Il secondo tema è correlato a questo. “La migrazione energetica – spiega Martini - non è solo un problema dei paesi, ma anche delle aziende. Tutte le imprese, dalle più piccole alle più grandi, hanno toccato con mano che il costo dell’energia è drammaticamente importante e in alcuni settori diventa uno dei costi principali”.
Per questo diventa strategico per le aziende trovare delle soluzioni che comportino un costo dell’energia minore, ad esempio attraverso i PPA (Power Purchase Agreement, gli accordi di acquisto a prezzo concordato n.d.r.), o grazie a nuove forme di produzione autonoma di energia. “L’Europa ci aiuta con un framework di deregulation abbastanza amichevole – dichiara Martini – ma questo non basta. Di fatto il problema macro, che abbiamo visto nel primo punto, si riverserà anche sul problema micro e questo purtroppo non cambierà.
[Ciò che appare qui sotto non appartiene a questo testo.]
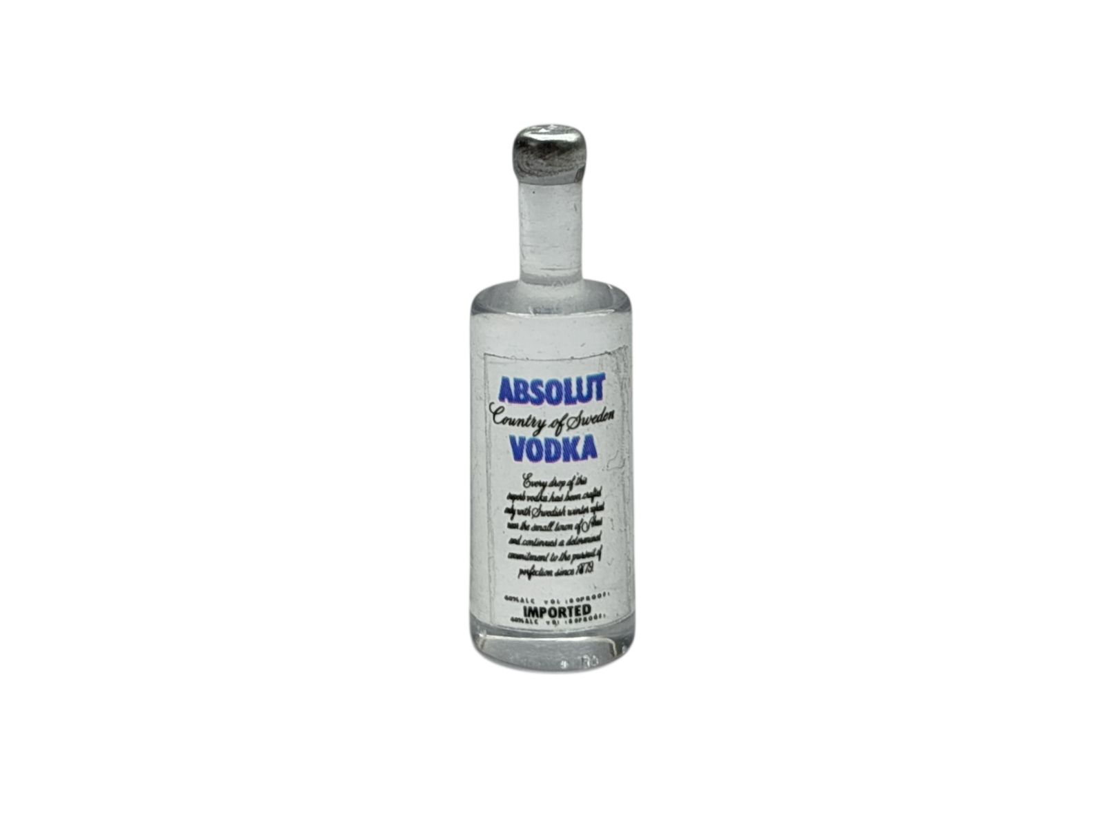 This Absolut vodka bottle miniature is a finely crafted decorative item designed to replicate the iconic bottle in a compact form. Made from durable polyresin, it features a smooth finish, clear bottle styling, and detailed printed labeling for a realistic appearance.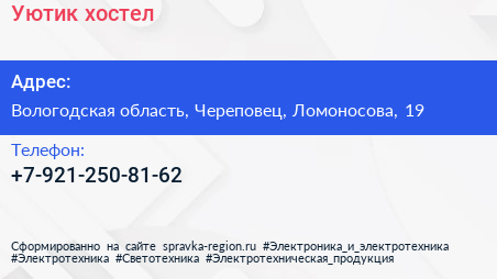 Уютик, хостел по адресу Вологодская область, Череповец, Ломоносова, 19 в дальнейшем Организация, размещена в следующих категориях: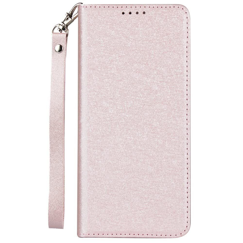 Elick HUAWEI P20 lite/HUAWEI P20 lite HWV32 用 ケース カバー 薄型 高級PUレザー 手帳型 マグネット式 ベルトなし ストラップ付き カード収納 ファーウェイ P20 ライト スマホケース ローズゴールド

Perché abbiamo visto precedentemente non è che domani mattina l’energia diventa più accessibile, e questo continuerà a essere così”.
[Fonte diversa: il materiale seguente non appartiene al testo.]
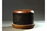 A CIRCULAR INK STONE WITH COVER AND STAND
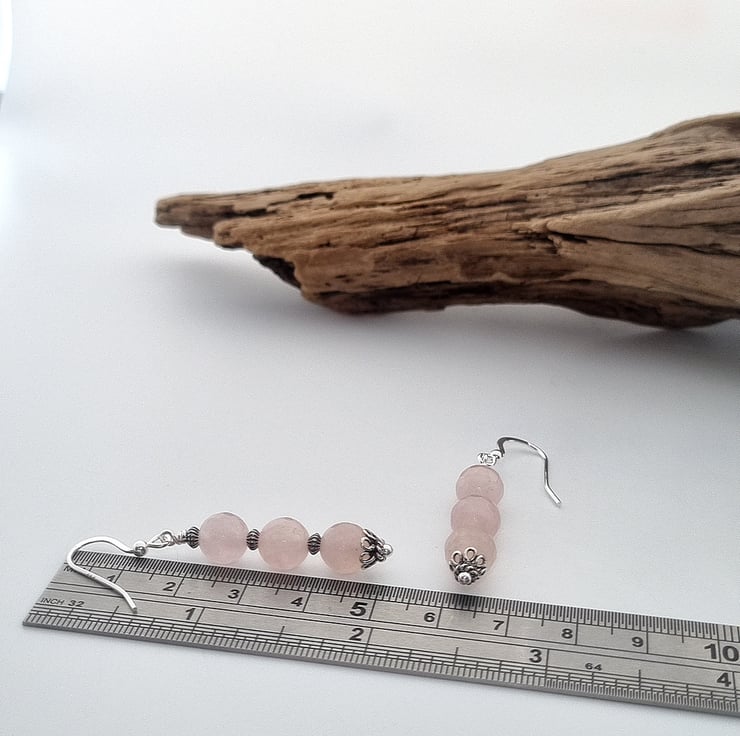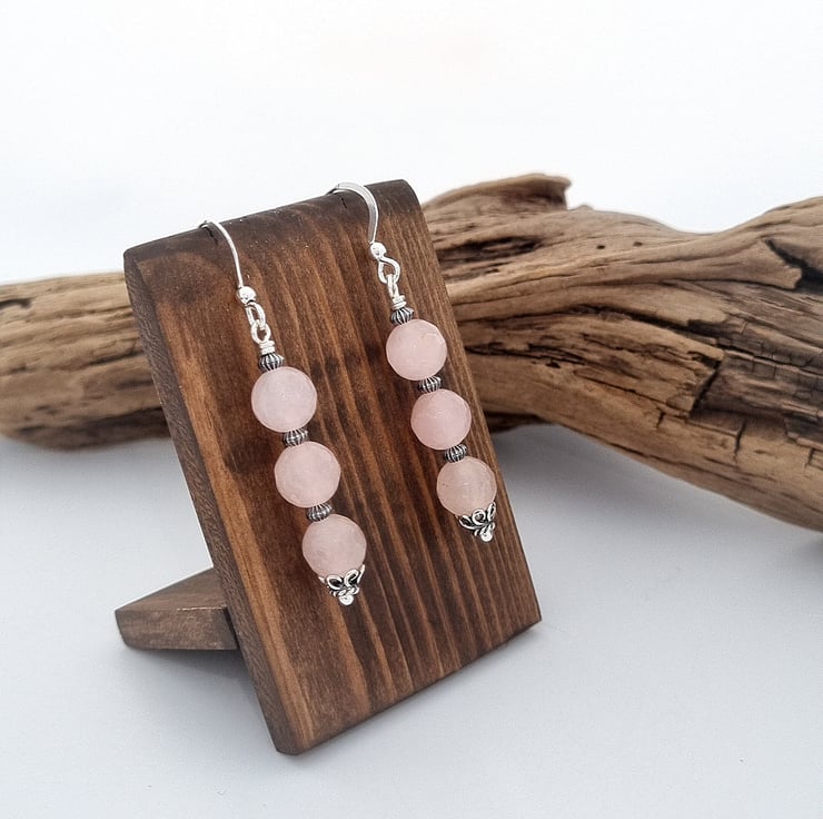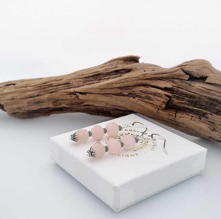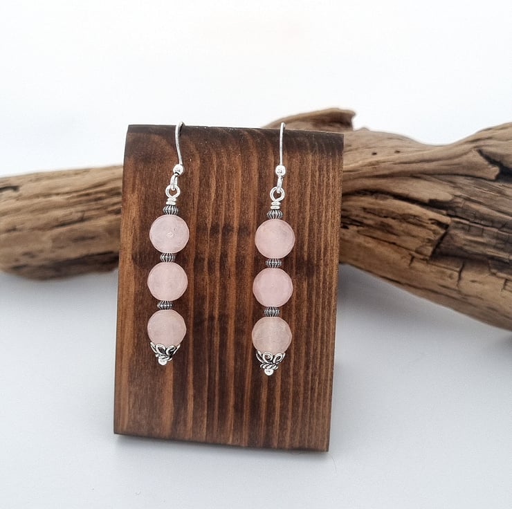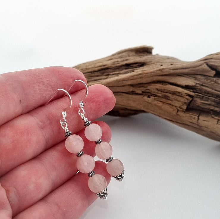 These lovely rose quartz earrings have been made using faceted rose quartz gemstone beads combined with decorative sterling silver beads and bead caps. They have been finished with a secure wire wrapped loop and sterling silver ear wires.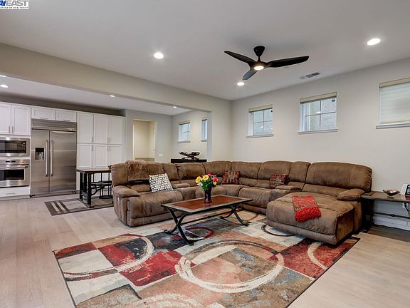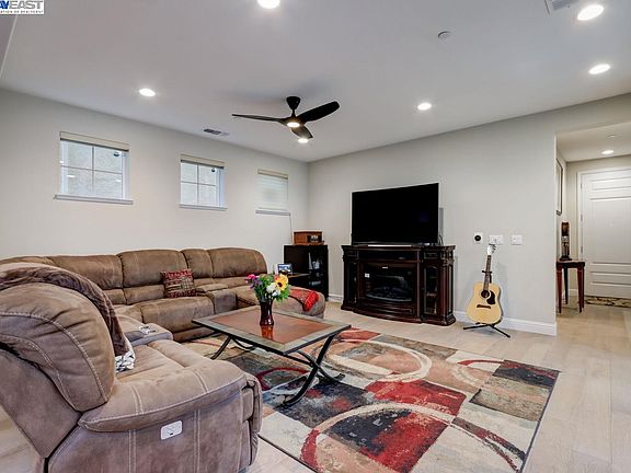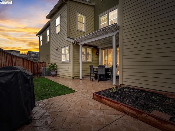 Beautiful North facing Wallis Ranch home. Enter this beautiful corner lot home through a covered entry porch to the welcoming living room with large kitchen featuring upgraded white cabinets with pull-out drawers, butlers pantry area, quartz countertops with full custom backsplash, top of the line GE Monogram stainless steel appliances, custom fully fit refrigerator, powerful kitchen exhaust system that can handle any type of cooking, large 5 burner cooktop stove, self cleaning oven & microwave. One bed w/attached full bath on the 1st floor, separate guest bath, recessed lighting w/smart fans, custom window coverings. Private courtyard awaits you, allowing for entertaining outdoor space. Head upstairs to the 2nd floor to the primary suite, generos walk-in closet, plantation shutters. Updated primary bath, tile floors, his & her sink, bathtub, and stall shower with glass enclosure. There are 2 bedrooms, full bath, laundry room w/sink, & spacious loft on the 2nd floor. Bonus level features a kitchenette, ½ bath & large living space. Nest thermostats, Nest CO2 detectors, Nest cameras, and smart fans. Wallis Ranch offers a community pool/spa, gym, club house. Close to East Dublin BART station, easy commute to Silicon Valley/San Francisco. Award winning schools.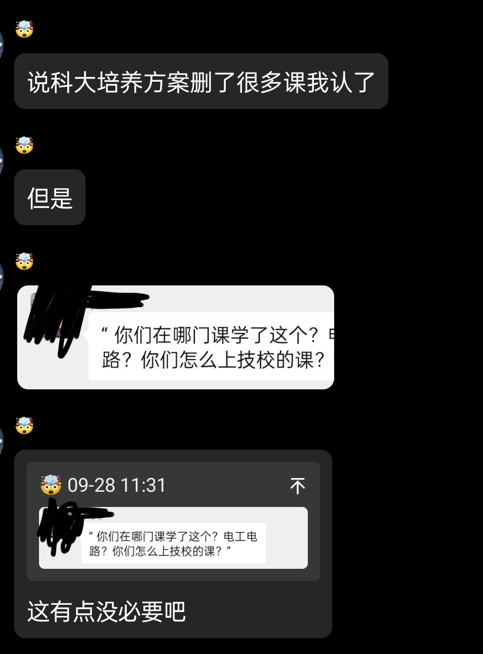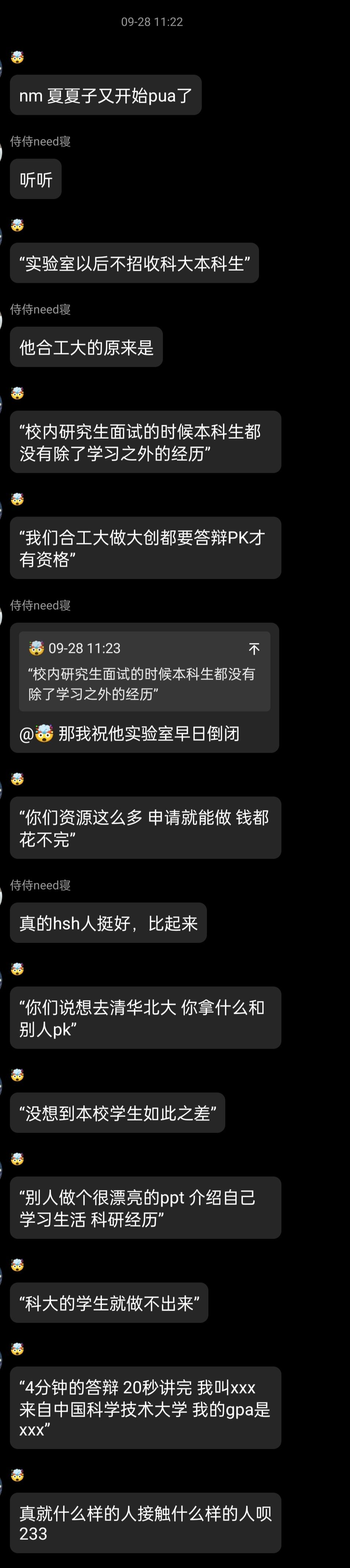 对科大学生抱有莫大的敌意 攻击科大学生不如合工大“以后实验室不招科大本科生” 大概以他的水平根本接触不到正常的科大学生吧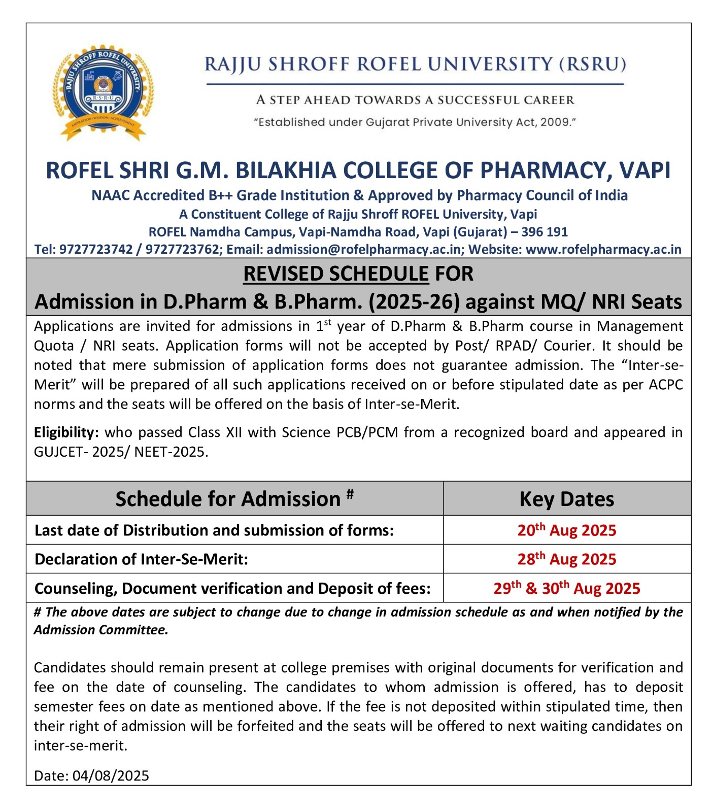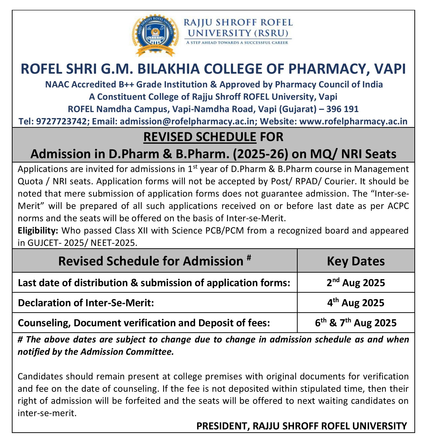 Admission Procedure in Management Quota Seats of D.Pharm Program

Il terzo punto ha anch’esso una implicazione di natura geopolitica. Afferma Martini: “io penso che la postura nei confronti della Cina non cambierà, anzi. Il nuovo ministro degli esteri cinese proprio lo scorso marzo ha iniziato ad attaccare gli Stati Uniti dicendo che questo porta alla guerra. Il confronto con la Cina dunque rimane. Tra l’altro, le aziende cinesi, nei i vari settori in cui operano, hanno tra il 25 e il 45% di quota del mercato locale, una percentuale che è in forte crescita, a doppia cifra. Quindi significa che il mercato cinese sarà sempre più competitivo, sempre meno attrattivo e strategicamente meno importante. Il tema cinese, quindi, comincia a diventare estremamente delicato. E anche questo sarà un tema che rimarrà per i prossimi 10 anni” conclude Martini.
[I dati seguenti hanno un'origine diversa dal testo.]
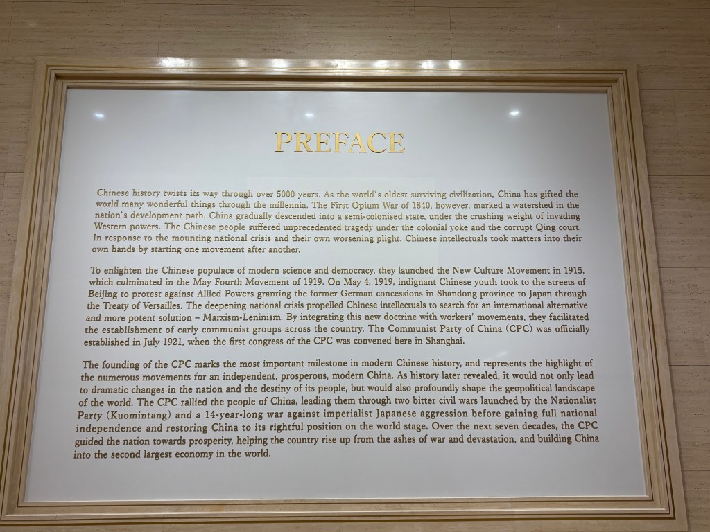National Day commemorates the victory of the Communist Party over the Nationalist Party at the conclusion of country’s 22-year civil war in 1949, which led to the current split between the People’s Republic of China (PRC, aka, China), and the Republic of China (ROC, aka, Taiwan). There’s a museum in Shanghai that marks the site where the Communist Party was founded and tells the story of China’s rise from poverty and foreign domination to what it calls “modest prosperity” and global superpower. Matt visited the site in 2023, and suggested we head there for a history lesson- straight from the CCP.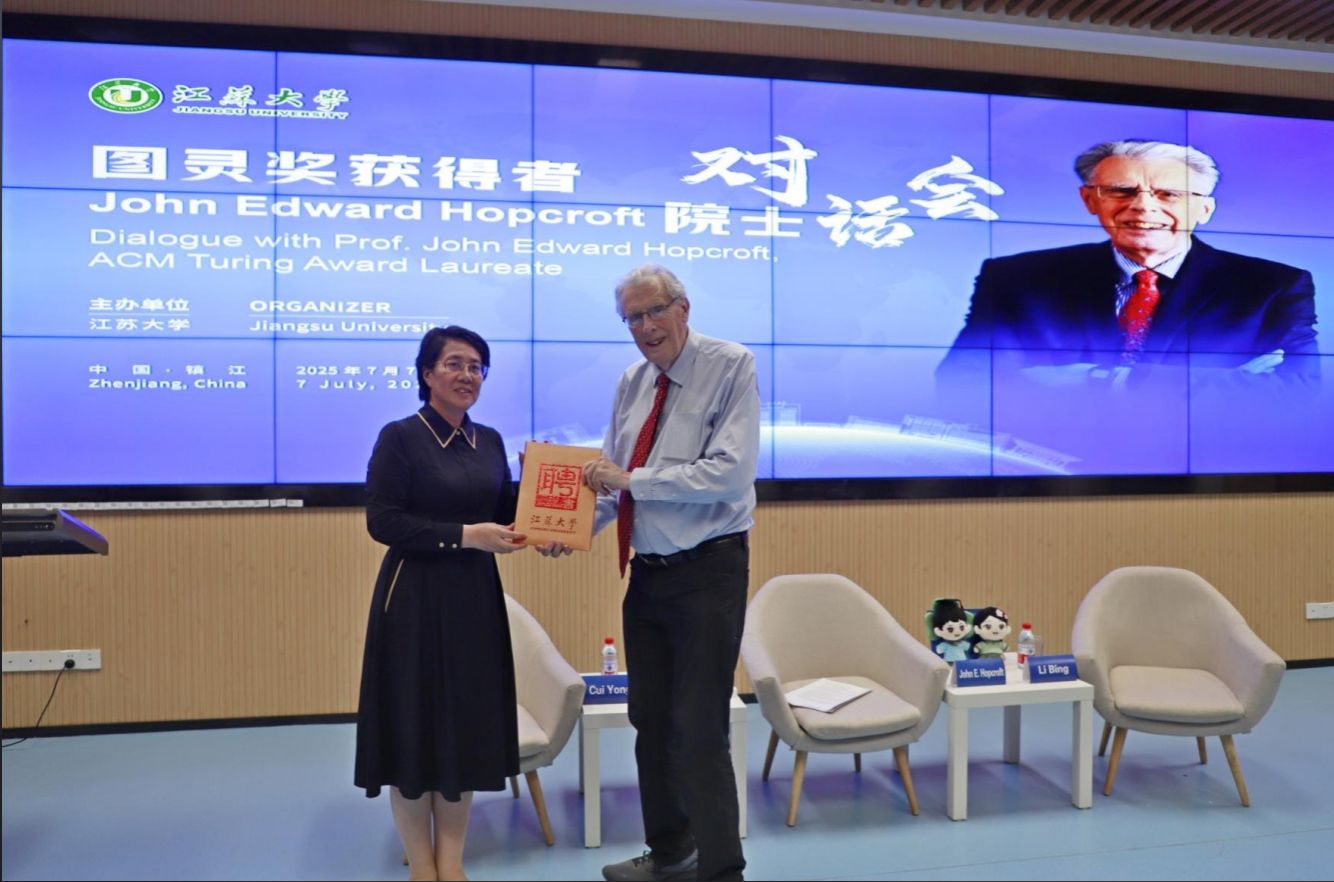 對話會上,邢衛紅向約翰·愛德華·霍普克羅夫特教授頒發“江蘇大學學習科學與技術交叉學科帶頭人”聘書。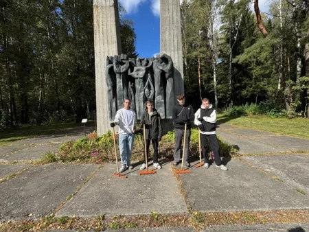 24 сентября учащиеся группы 34 Дворецкий Глеб, Жмырко Александр, Середа Сергей, Нестерович Илья, Ковш Даниил приняли участие в благоустройстве объекта историко-культурного наследия мемориального комплекса «Урочище Гай». Ребята пропололи тротуары, убрали сорную растительность и листву, сгребли траву, расчистили дорожки и вывезли мусор.

Poi c’è un quarto punto che, come dichiara esplicitamente Martini “è ancora peggiore: tutti noi siamo più poveri. Tutti pensano che l’inflazione diminuirà, ma non è così: è il tasso di crescita dell’inflazione che diminuisce, ma l’inflazione, quando c’è stato un picco, poi non scende”. “Facciamo un esempio – spiega Martini - il tasso medio dell’inflazione nei paesi europei è del 9% (che va dal 19% della Repubblica Ceca al 4-5% della Germania). Se aumenta il costo del pane o del pezzo di ricambio a causa dell’inflazione, non è che poi il prezzo diminuisce. Purtroppo l’89% dei cittadini europei pensa invece che i prezzi torneranno più bassi e l’inflazione diminuirà. È vero che l’inflazione diminuirà, ma per quanto riguarda i prezzi, quello che c’è stato in passato non cambierà, quindi non scenderanno e noi saremo tutti più poveri”.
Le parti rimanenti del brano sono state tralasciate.